- Born: February 2, 1911 Changsha, China
- Died: 1996 (aged 84–85) Berea, Kentucky
- Known for: Served as President and Board Director for the Mountain Maternal Health League
- Spouse: Francis Stephenson Hutchins
- Medical career
- Profession: Pediatrician, obstetrician

= Louise Gilman Hutchins =

Louise Gilman Hutchins (1911–1996) was president and board director for the Mountain Maternal Health League in Berea, Kentucky for 47 years.

==Family and early life==
Louise Gilman Hutchins was born February 2, 1911, to Episcopal missionaries in Changsha, Hunan Province, China. The family lived there until 1926, when they returned to the United States, moving to New Jersey. During her time in Changsha, China, Louise would meet Francis Hutchins and the two married in 1934.

In 1932, Hutchins graduated from Wellesley College and in 1936, earned her M.D. in pediatrics and obstetrics from Yale University. Following her graduation from Yale, Dr. Hutchins returned to China to work with her new husband, Francis, who had been engaged in aid work in the region since meeting Louise years earlier. In Changsha, she completed an internship in pediatrics at the Hunan Hospital. Her internship did not last long, as in 1937 Japan invaded China. Louise and her family were forced to evacuate Changsha when the Japanese advanced and destroyed the city. At one point, Louise and her daughter Anne were separated from Francis, but she eventually made it to Shanghai. At this time, Shanghai was considered a safe place by foreigners because there was a lot of foreign military support there. In 1939, Francis Hutchins was offered the presidency of Berea College and after initial reluctance, the couple left China for Kentucky.

==Mountain Maternal Health League==
In Berea, Hutchins served as the only pediatrician in the community from 1939 to 1967. Soon after her arrival in the community, Hutchins became the board president and medical director for the Mountain Maternal Health League and continued in that role for 47 years. The Mountain Maternal Health League, established in 1936, served rural women in Estill, Harlan, Garrard, Jackson, Lincoln, Madison, Powell, Rockcastle, and Whitley counties. The League offered medical services to women in these communities by traveling to reach geographically isolated patients. Most of their work, however, involved providing contraception information in their clinic while providing refills on contraceptive supplies via mail. During this time, Kentucky law prohibited government officials from funding or disseminating birth control information.

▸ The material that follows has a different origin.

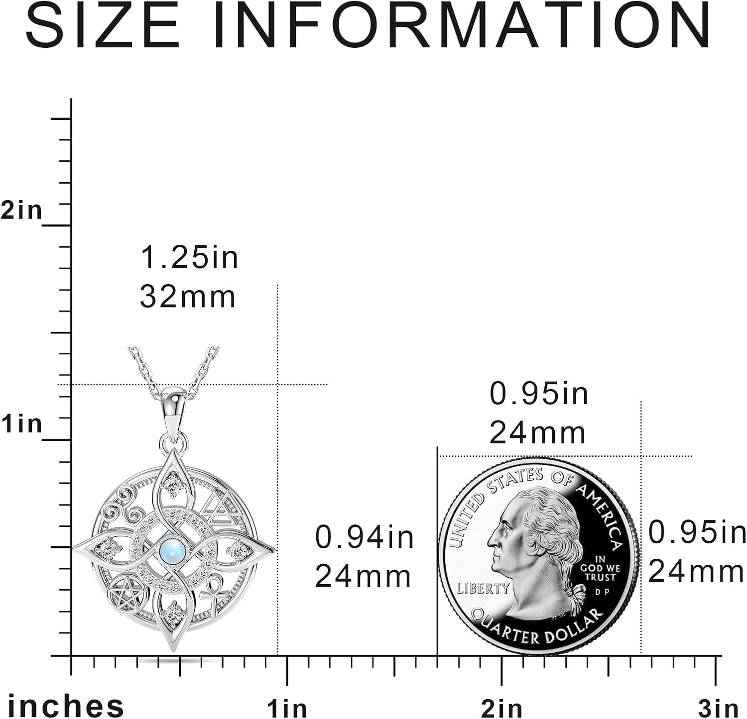 Embrace the magic of ancient wisdom with our 925 Sterling Silver Witch Knot Necklace with Moonstone. This mystical pendant brings together powerful Pagan and Wiccan symbols, offering protection, harmony, and spiritual guidance. Key Features: Moonstone Centerpiece – Enhances intuition, feminine energy, and spiritual growth. Witch Knot Design – A symbol of eternal protection and unity. Pentacle & Ankh – Representing balance, life, and sacred energy. Spirals & Elemental Triangles – Connecting the wearer with Earth’s natural forces. 925 Sterling Silver – Hypoallergenic, durable, and made to last. Whether you’re a practicing witch, a lover of crystals, or someone drawn to mystical beauty, this necklace is a spiritual amulet you can wear every day. Perfect for meditation, moon rituals, or as a meaningful gift for someone special.
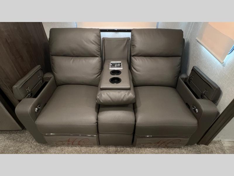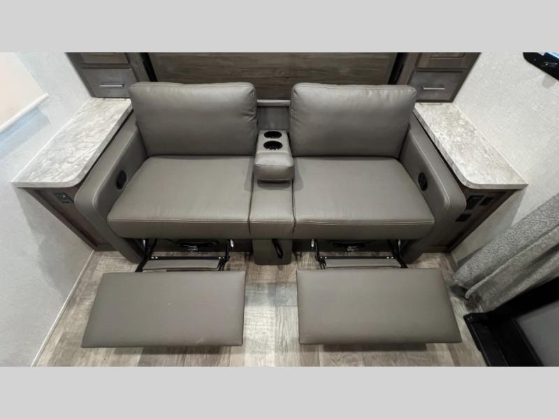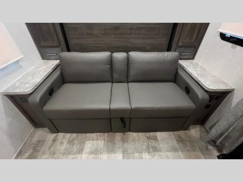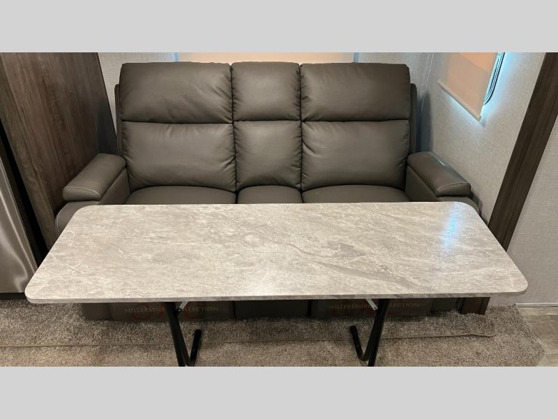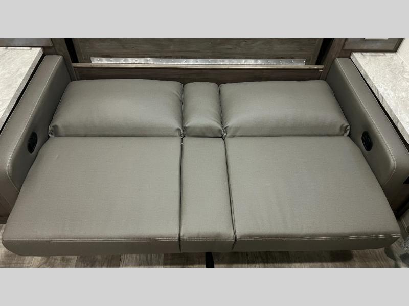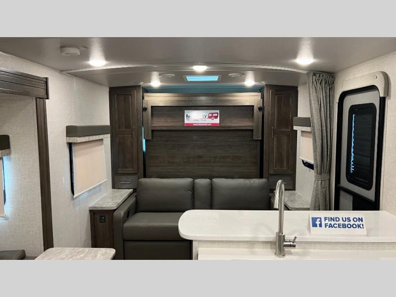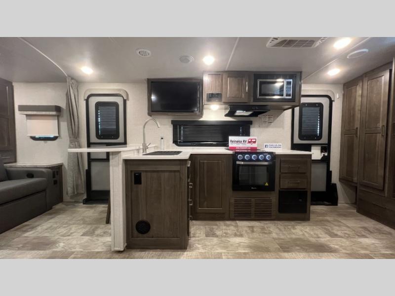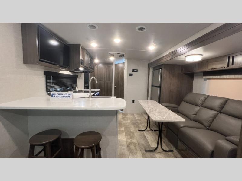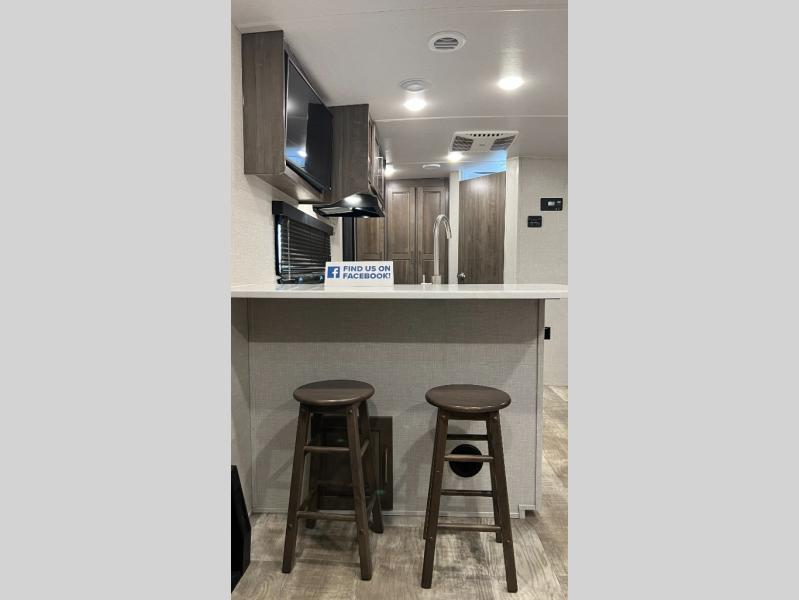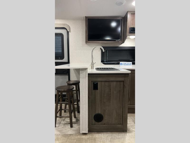 You are going to absolutely love this Flagstaff Micro Lite travel trailer! One feature found on this trailer that will make life easier is the set of two entry doors. Now you can choose whether or not you want to enter the front portion or the back portion of this trailer. If you enter through the rear entry door, you will be able to walk straight into the full bathroom, and that will make it convenient for those times when you are outside playing and need to come in quickly. Up at the front of this trailer is a Murphy bed that can be folded away during the day to reveal a 72" sofa for lounging. You can also choose to sit in one of the two bar stools at the breakfast bar, or you may want to put your feet up in the 67" theater seating. The kitchen also has a countertop extension so that you can add some extra prep space while you cook.

In 1944, the Mountain Maternal Health League established a clinic in Berea Hospital and soon after, became affiliated with Planned Parenthood Federation of America. At some point during her time in Berea, she received an honorary degree from Berea College. In 1967, Francis Hutchins retired from Berea College and the couple moved to Hong Kong for three years. During this time, Louise Hutchins completed a residency in gynecology while working with the city's Family Planning Association. After her residency, Louise returned to Berea with her husband in 1970 and continued her work with women's and children's health. She also continued to look for ways to improve family planning in Berea. This task brought her back to China in 1978, where she spent a month traveling to different hospitals to meet with local doctors. She brought back what she learned and worked to improve women's health and family planning. She died in Berea in 1996 at the age of 85.

== Legacy ==
In 1998, two years after the death of Louise Hutchins, Berea College opened the International Center for students to study abroad. The name remained unchanged until 2006 when it was changed to the Francis and Louise Hutchins Center for International Education(CIE). The college decided to dedicate the center to the Hutchins in November 2006 as a way to recognize their work in China.